Лондон — это скрипичные джунгли. Жизнь там — сердечная боль и суета. Я перестал плавать в Серпентайне, и мне не хватает воздуха. Лондон уже не мой дом, даже если когда-либо им и был.
Я обнимаю мраморный камень. Прижимаюсь к нему лбом и щекой. Он не отвечает. Он очень гладкий, очень холодный, у него очень старое сердце. Снег кружится вокруг меня и падает в запруду канала.
8.33
Это тихое Рождество. Снег идет непрерывно. Жажа лежит в саду, где она когда-то бегала. Отец то беспричинно тревожится, то пребывает в хорошем расположении духа. Я езжу за покупками на моей белой прокатной машине и получаю штраф за парковку в неположенном месте безо всякого подобающего христианскому празднику снисхождения. Тетя Джоан ваяет свой обычный обильный обед. Мы разговариваем про разное. Я не делюсь своими мыслями о переезде.
Потом выезжаю на машине под снегопадом.
Кладбище бело: могилы, верхушки памятников, цветы, положенные несколько часов назад. Я чувствую себя потерянным — то ли тут передвинули забор, то ли это снег меня путает. Но вот он — памятник серого камня, с надписью, высеченной другом мужа тети Джоан, резчиком: «Памяти любимой Ады Холм, однажды уснувшей» в такой-то день, с отступом ниже еще для одного или двух имен.
На могиле матери я оставляю белую розу.
Некоторые дороги закрыты из-за снега, но дорога к Блэкстоунской гряде открыта. Я проезжаю мимо дома миссис Формби: на нем табличка, что он выставлен на продажу.
На Блэкстоунской гряде я высыпаю из фольги на снег крошки еще теплого рождественского пудинга. Влажные черные крошки растопят снег до черной земли. Но жаворонки, конечно, улетели несколько месяцев назад. Снег перестал идти, и видно далеко и ясно. Однако не видно ни ворона, ни хотя бы вороны.
Я достаю скрипку из машины. Играю отрывок «Взлетающего жаворонка». И потом настраиваю нижнюю струну на фа.
Моим рукам не холодно, и я спокоен. Я не в темном туннеле, я на открытой равнине.

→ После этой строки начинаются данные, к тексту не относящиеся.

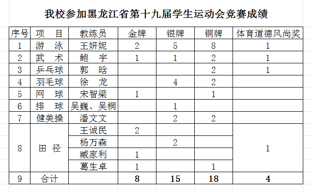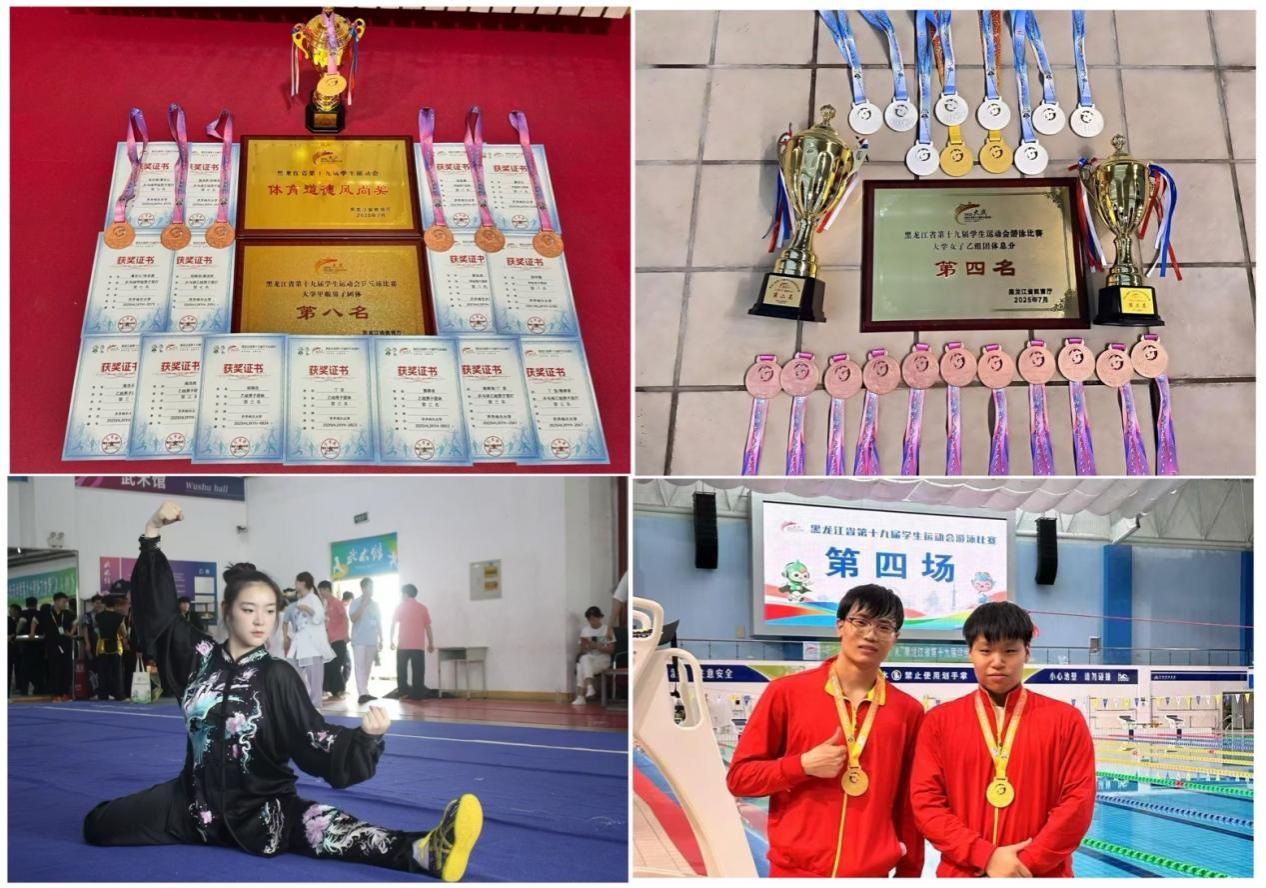 7月15日至25日,黑龙江省第十九届学生运动会在大庆市举行。本届运动会设高校组、地市组两大板块,我校选派100名师生组成代表团,在游泳、武术、乒乓球、羽毛球、网球、排球、健美操、田径八个项目中展开激烈角逐。经过十天激烈比拼,我校运动员凭借出色发挥和顽强拼搏,最终获得8金、15银、18铜,总计41枚奖牌,大学乙组团体总分第三名的优异战绩。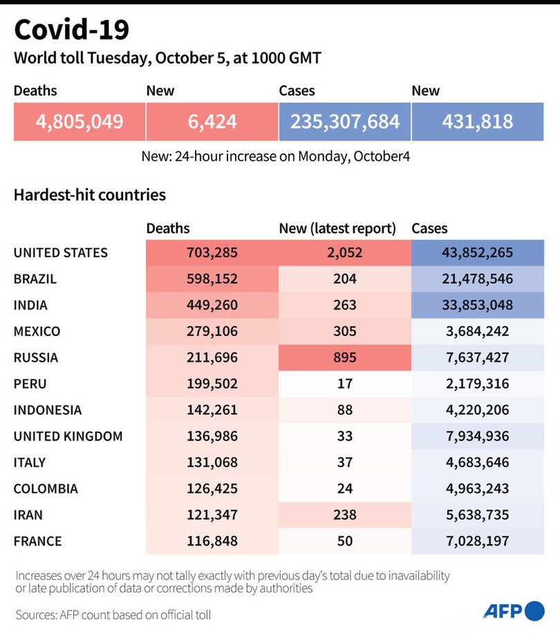 【10月6日 AFP】AFPが各国当局の発表に基づき日本時間5日午後7時にまとめた統計によると、世界の新型コロナウイルスによる死者数は480万5049人に増加した。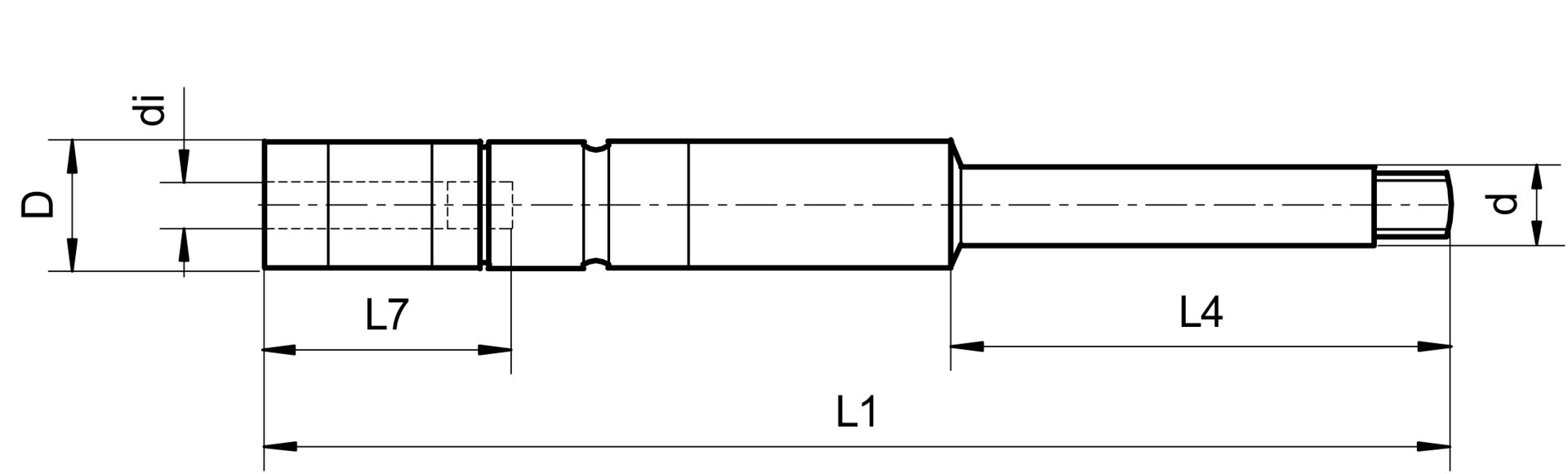 Verlängerung Gewindebohrer M3/M4,5-M5 DIN371/DIN376 D3,5mm GL230mm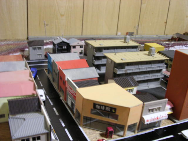 建物って言うのは結構簡単に実測できるんですぅ。 特に日本式の民家。 尺貫法でたてられてますから、一間(いっけん)が基本単位。 だいたいたたみ1枚が1間ですよねぇ。(京間とか小さいけど) で、障子とか襖もその大きさ。 だから、ぱっとみで大きさがわかるんですぅ。 で、その感覚を元に近代建築も確認できますぅ。 あとは、個人の裁量で前後させると。 小さく作ると街が広く見えたりする効果も。。。 1/160くらい。 >こうたさん 3軒で全店舗。。。。 ナイトショップいしづちでももっとあるぅ(謎) |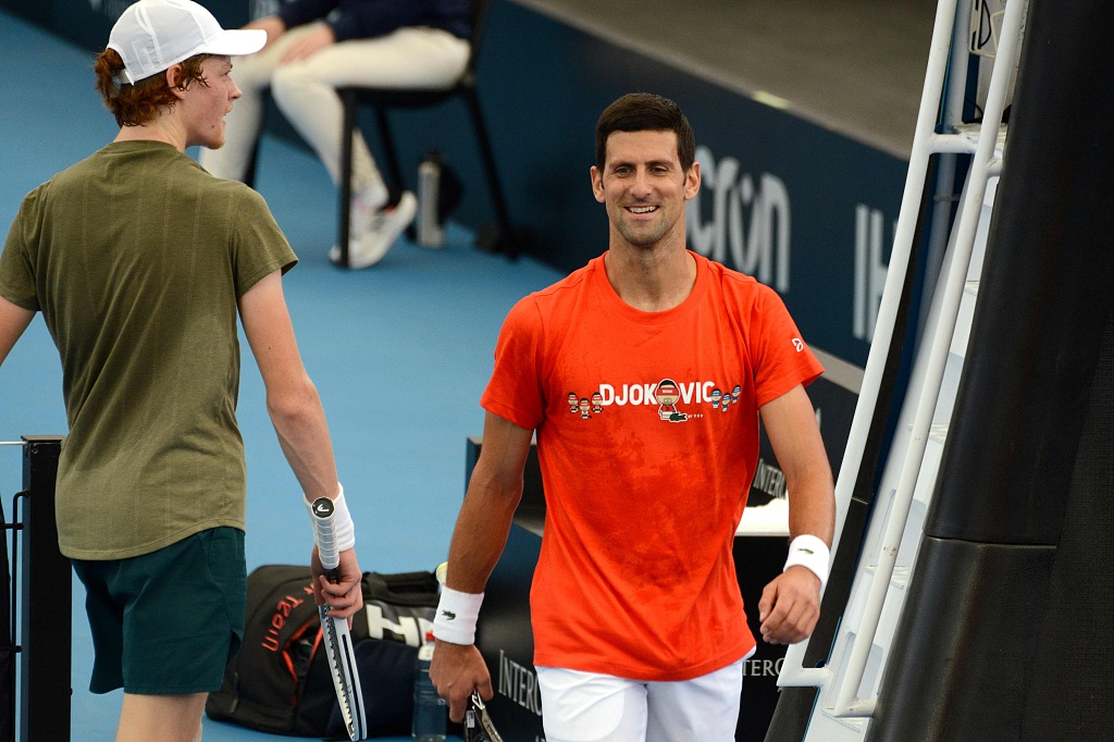 现世界第一德约科维奇在阿德莱德举行的表演赛中,携手同胞克拉吉诺维奇以6-3/6-3的比分战胜意大利小将辛纳。

Я играю миссис Формби великую неоконченную фугу из «Искусства фуги». Конечно, нет смысла играть одному, но она и сама может дополнить партии других инструментов, которые я слышу. Я играю, пока моя партия не кончается, и слушаю, пока Эллен тоже не перестает играть.
8.34
Тридцатого я сажусь на поезд в Лондон. День ясный с редкими одинокими облаками. Когда мы приезжаем на вокзал Юстон, уже темно. У меня нет багажа, даже скрипки нет.

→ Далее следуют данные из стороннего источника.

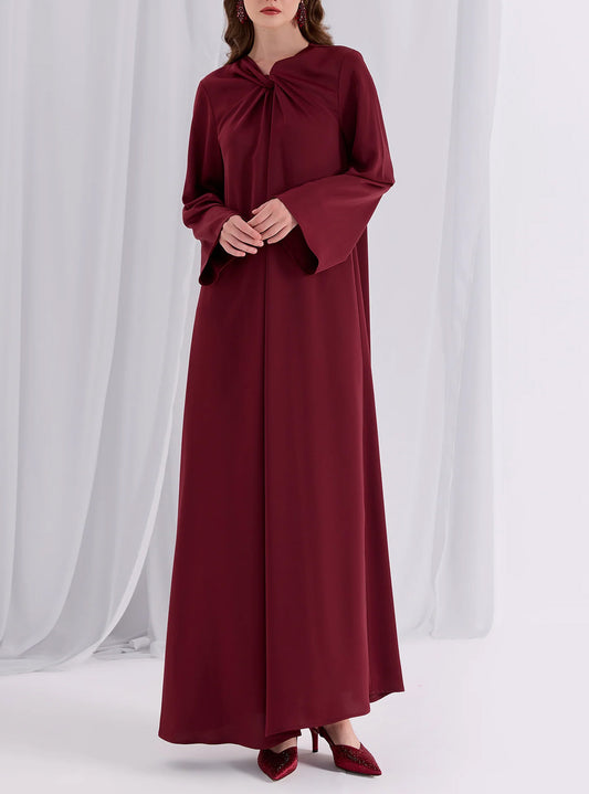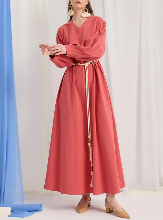 Modest Muslim Casual Waist-Tie Maxi Abaya Dress-Red

Я еду прямо в «Уигмор-холл». Вечерний концерт распродан.
Молодой человек в билетной кассе говорит, что удивлен, принимая во внимание программу. Он думает, что, может быть, сыграл роль другой фактор.
— «Концерт глухой пианистки», понимаете, такого рода вещи. Немного дико, некоторые даже не знают ее имени.